## Problem details
Your reply should reproduce each entry exactly and contain no pictures.

Material to process section start

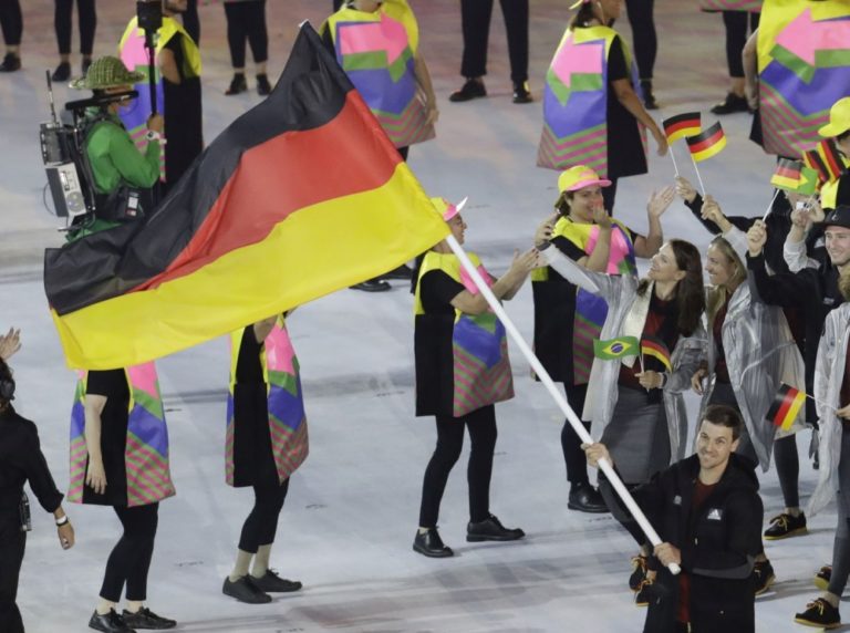 Nemecký vlajkonosič Timo Boll počas otváracieho ceremoniálu OH 2016. Rio de Janeiro, 5. august 2016. Foto: SITA/AP
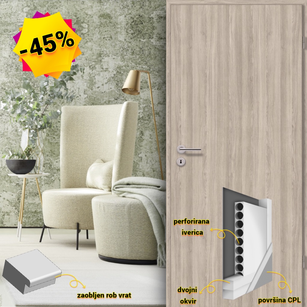 Akcijska ponudba zajema vrata s sredico iz perforirane iverice in konstrukcijsko ojačan okvir
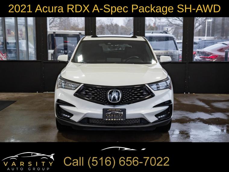 2021 Acura RDX A-Spec Package SH-AWD, Platinum White Pearl, Ebony w/Leatherette-Trimmed Interior, Apple CarPlay/Android Auto, One Owner, Clean CARFAX, Low Miles, AWD, 16 Speakers, 4-Wheel Disc Brakes, 4.17 Axle Ratio, ABS brakes, Air Conditioning, Alloy wheels, AM/FM radio: SiriusXM, Apple CarPlay/Android Auto, Auto High-beam Headlights, Auto-dimming Rear-View mirror, Automatic temperature control, Brake assist, Bumpers: body-color, Compass, Delay-off headlights, Driver door bin, Driver vanity mirror, Dual front impact airbags, Dual front side impact airbags, Electronic Stability Control, Emergency communication system: AcuraLink, Exterior Parking Camera Rear, Four wheel independent suspension, Front anti-roll bar, Front Bucket Seats, Front Center Armrest, Front dual zone A/C, Front fog lights, Front reading lights, Fully automatic headlights, Garage door transmitter: HomeLink, Heated & Ventilated Front Sport A-Spec Seats, Heated door mirrors, Heated front seats, Illuminated entry, Knee airbag, Lane departure: Lane Keeping Assist System (LKAS) active, Low tire pressure warning, Memory seat, Navigation system: Acura Navigation System with 3D View, Occupant sensing airbag, Outside temperature display, Overhead airbag, Overhead console, Panic alarm, Passenger door bin, Passenger vanity mirror, Perforated Milano Premium Leather-Trimmed Interior, Power door mirrors, Power driver seat, Power Liftgate, Power moonroof, Power passenger seat, Power steering, Power windows, Premium audio system: Acura/ELS Studio 3D, Radio data system, Radio: Acura ELS Studio 3D Premium Audio System, Rear anti-roll bar, Rear reading lights, Rear seat center armrest, Rear window defroster, Rear window wiper, Remote keyless entry, Security system, Speed control, Speed-sensing steering, Split folding rear seat, Spoiler, Steering wheel mounted audio controls, Tachometer, Telescoping steering wheel, Tilt steering wheel, Traction control, Trip computer, Turn signal indicator mirrors, Variably intermittent wipers, Ventilated front seats, Wheels: 20" x 8" Shark Gray Split 5-Spoke. Platinum White Pearl 2021 Acura RDX A-Spec Package SH-AWD AWD 10-Speed Automatic 2.0L 16V DOHC 21/26 City/Highway MPG
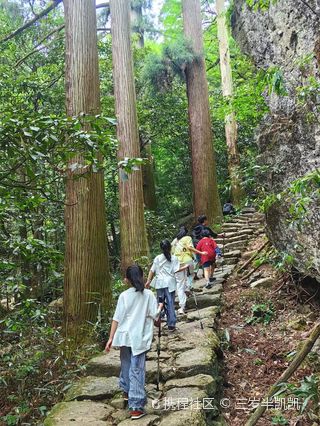 西天目山以“大树华盖”闻名于世,拥有世界罕见的大柳杉群落,而这片柳杉群主要就生长在大树王景区内。这里的柳杉群如同顶天立地的绿色屏风,又像撑起一顶顶绿色的华盖,是个凉爽的夏日避暑胜地。柳杉群中,树龄在五百年以上的有500余株,集中分布在五里亭至开山老殿一带。其中,有名的自然是被乾隆亲封命名的“大树王”,它树龄2千余年,树径达2米以上。可惜,由于人为的破坏和环境的影响,“大树王”已于二十世纪30年代死亡,不过大树王虽已死70余年仍傲立不倒,枯干上还寄生出一棵翠绿的新枝。而在“大树王”右上方的141号柳杉,已被大家公认为天目山的新大树王。游览大树王景区也很方便,可以坐景区交通车到山上的龙凤尖停车场,然后顺着木栈道和山路游览,一路往下可经过四面峰、倒挂莲花、四世同堂、大树王、狮子口、开山老殿、伏虎瀑等景点。西天目山峰顶——“仙人顶”也在大树王景区内,峰顶海拔1506米,山顶有一石柱,名天柱峰,柱上原有清代石刻"天下奇观",因1955年建造气象站时被炸,现仅存“可观”。天气好时,在仙人顶可东瞰钱塘江,西眺黄山。
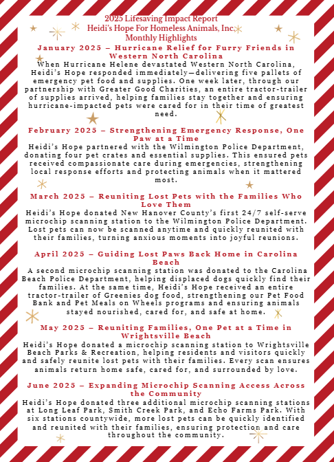 | | | Heidi’s Hope for Homeless Animals, Inc. is a 501 ( c ) organization that is an intake organization who helps pets at risk of euthanasia and helps prevent owner surrender. The Bow Wow Luau & The Cat’s Meow® has donated over $80,000.00 to reduce shelter euthanasia. We’re proud to be Cape Fear’s first-ever Pet Food Bank and the creator of the region’s very first Pet Meals On Wheels Program—filling a critical void in our community and leading the way in providing essential food support for pets in need. Thanks to the generosity of our supporters, Heidi’s Hope for Homeless Animals’ Pet Food Bank and food programs have donated over 310,533 pounds of pet food, valued at more than $866,142, to help feed hungry pets in desperate need. Together, we’re not just filling bowls—we’re giving hope. We created a unique coalition of local governmental agencies and human charitable organizations to provide pet food to the most food insecure. We expanded our Pet Food Bank and Pet Meals On Wheels Chapters in Onslow, Pender and Brunswick Counties. WoofStock, adopts at-risk dogs and cats. Our Disaster Relief Programs filled three tractor trailers with pet food to hurricane-impacted areas from Hurricanes Maria; Florence and Dorian. We sent two tractor trailers of pet food to western North Carolina in the aftermath of Hurricane Helene. We sent two crates of pet food to help Hurricane Ian pet victims. We sent five pallets of pet food to war-torn Ukraine. We have donated microchip scanning stations to both the Wilmington Police Department; Carolina Beach Police Department; Wrightsville Beach Police Department; New Hanover County Parks, including Long Leaf Park; Smith Creek Park and Echo Farms Park. Heidi’s Hope For Homeless Animals is committed to saving the lives of homeless dogs and cats and will not stop until all dogs and cats have good homes! | | | | |
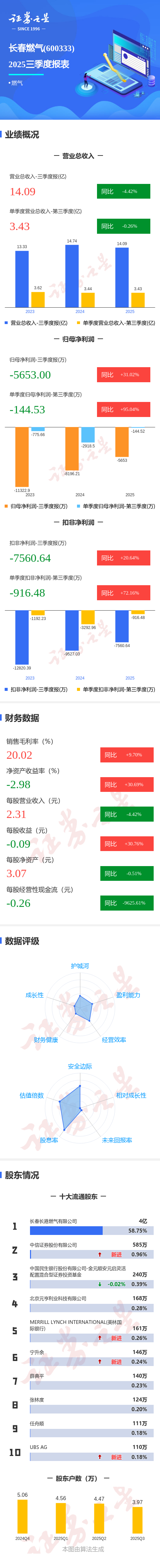图解长春燃气三季报:第三季度单季净利润同比增长95.05%

Material to process section end

## Solved problem
 Nemecký vlajkonosič Timo Boll počas otváracieho ceremoniálu OH 2016. Rio de Janeiro, 5. august 2016. Foto: SITA/AP
 Akcijska ponudba zajema vrata s sredico iz perforirane iverice in konstrukcijsko ojačan okvir
 2021 Acura RDX A-Spec Package SH-AWD, Platinum White Pearl, Ebony w/Leatherette-Trimmed Interior, Apple CarPlay/Android Auto, One Owner, Clean CARFAX, Low Miles, AWD, 16 Speakers, 4-Wheel Disc Brakes, 4.17 Axle Ratio, ABS brakes, Air Conditioning, Alloy wheels, AM/FM radio: SiriusXM, Apple CarPlay/Android Auto, Auto High-beam Headlights, Auto-dimming Rear-View mirror, Automatic temperature control, Brake assist, Bumpers: body-color, Compass, Delay-off headlights, Driver door bin, Driver vanity mirror, Dual front impact airbags, Dual front side impact airbags, Electronic Stability Control, Emergency communication system: AcuraLink, Exterior Parking Camera Rear, Four wheel independent suspension, Front anti-roll bar, Front Bucket Seats, Front Center Armrest, Front dual zone A/C, Front fog lights, Front reading lights, Fully automatic headlights, Garage door transmitter: HomeLink, Heated & Ventilated Front Sport A-Spec Seats, Heated door mirrors, Heated front seats, Illuminated entry, Knee airbag, Lane departure: Lane Keeping Assist System (LKAS) active, Low tire pressure warning, Memory seat, Navigation system: Acura Navigation System with 3D View, Occupant sensing airbag, Outside temperature display, Overhead airbag, Overhead console, Panic alarm, Passenger door bin, Passenger vanity mirror, Perforated Milano Premium Leather-Trimmed Interior, Power door mirrors, Power driver seat, Power Liftgate, Power moonroof, Power passenger seat, Power steering, Power windows, Premium audio system: Acura/ELS Studio 3D, Radio data system, Radio: Acura ELS Studio 3D Premium Audio System, Rear anti-roll bar, Rear reading lights, Rear seat center armrest, Rear window defroster, Rear window wiper, Remote keyless entry, Security system, Speed control, Speed-sensing steering, Split folding rear seat, Spoiler, Steering wheel mounted audio controls, Tachometer, Telescoping steering wheel, Tilt steering wheel, Traction control, Trip computer, Turn signal indicator mirrors, Variably intermittent wipers, Ventilated front seats, Wheels: 20" x 8" Shark Gray Split 5-Spoke. Platinum White Pearl 2021 Acura RDX A-Spec Package SH-AWD AWD 10-Speed Automatic 2.0L 16V DOHC 21/26 City/Highway MPG
 西天目山以“大树华盖”闻名于世,拥有世界罕见的大柳杉群落,而这片柳杉群主要就生长在大树王景区内。这里的柳杉群如同顶天立地的绿色屏风,又像撑起一顶顶绿色的华盖,是个凉爽的夏日避暑胜地。柳杉群中,树龄在五百年以上的有500余株,集中分布在五里亭至开山老殿一带。其中,有名的自然是被乾隆亲封命名的“大树王”,它树龄2千余年,树径达2米以上。可惜,由于人为的破坏和环境的影响,“大树王”已于二十世纪30年代死亡,不过大树王虽已死70余年仍傲立不倒,枯干上还寄生出一棵翠绿的新枝。而在“大树王”右上方的141号柳杉,已被大家公认为天目山的新大树王。游览大树王景区也很方便,可以坐景区交通车到山上的龙凤尖停车场,然后顺着木栈道和山路游览,一路往下可经过四面峰、倒挂莲花、四世同堂、大树王、狮子口、开山老殿、伏虎瀑等景点。西天目山峰顶——“仙人顶”也在大树王景区内,峰顶海拔1506米,山顶有一石柱,名天柱峰,柱上原有清代石刻"天下奇观",因1955年建造气象站时被炸,现仅存“可观”。天气好时,在仙人顶可东瞰钱塘江,西眺黄山。
 | | | Heidi’s Hope for Homeless Animals, Inc. is a 501 ( c ) organization that is an intake organization who helps pets at risk of euthanasia and helps prevent owner surrender. The Bow Wow Luau & The Cat’s Meow® has donated over $80,000.00 to reduce shelter euthanasia. We’re proud to be Cape Fear’s first-ever Pet Food Bank and the creator of the region’s very first Pet Meals On Wheels Program—filling a critical void in our community and leading the way in providing essential food support for pets in need. Thanks to the generosity of our supporters, Heidi’s Hope for Homeless Animals’ Pet Food Bank and food programs have donated over 310,533 pounds of pet food, valued at more than $866,142, to help feed hungry pets in desperate need. Together, we’re not just filling bowls—we’re giving hope. We created a unique coalition of local governmental agencies and human charitable organizations to provide pet food to the most food insecure. We expanded our Pet Food Bank and Pet Meals On Wheels Chapters in Onslow, Pender and Brunswick Counties. WoofStock, adopts at-risk dogs and cats. Our Disaster Relief Programs filled three tractor trailers with pet food to hurricane-impacted areas from Hurricanes Maria; Florence and Dorian. We sent two tractor trailers of pet food to western North Carolina in the aftermath of Hurricane Helene. We sent two crates of pet food to help Hurricane Ian pet victims. We sent five pallets of pet food to war-torn Ukraine. We have donated microchip scanning stations to both the Wilmington Police Department; Carolina Beach Police Department; Wrightsville Beach Police Department; New Hanover County Parks, including Long Leaf Park; Smith Creek Park and Echo Farms Park. Heidi’s Hope For Homeless Animals is committed to saving the lives of homeless dogs and cats and will not stop until all dogs and cats have good homes! | | | | |
图解长春燃气三季报:第三季度单季净利润同比增长95.05%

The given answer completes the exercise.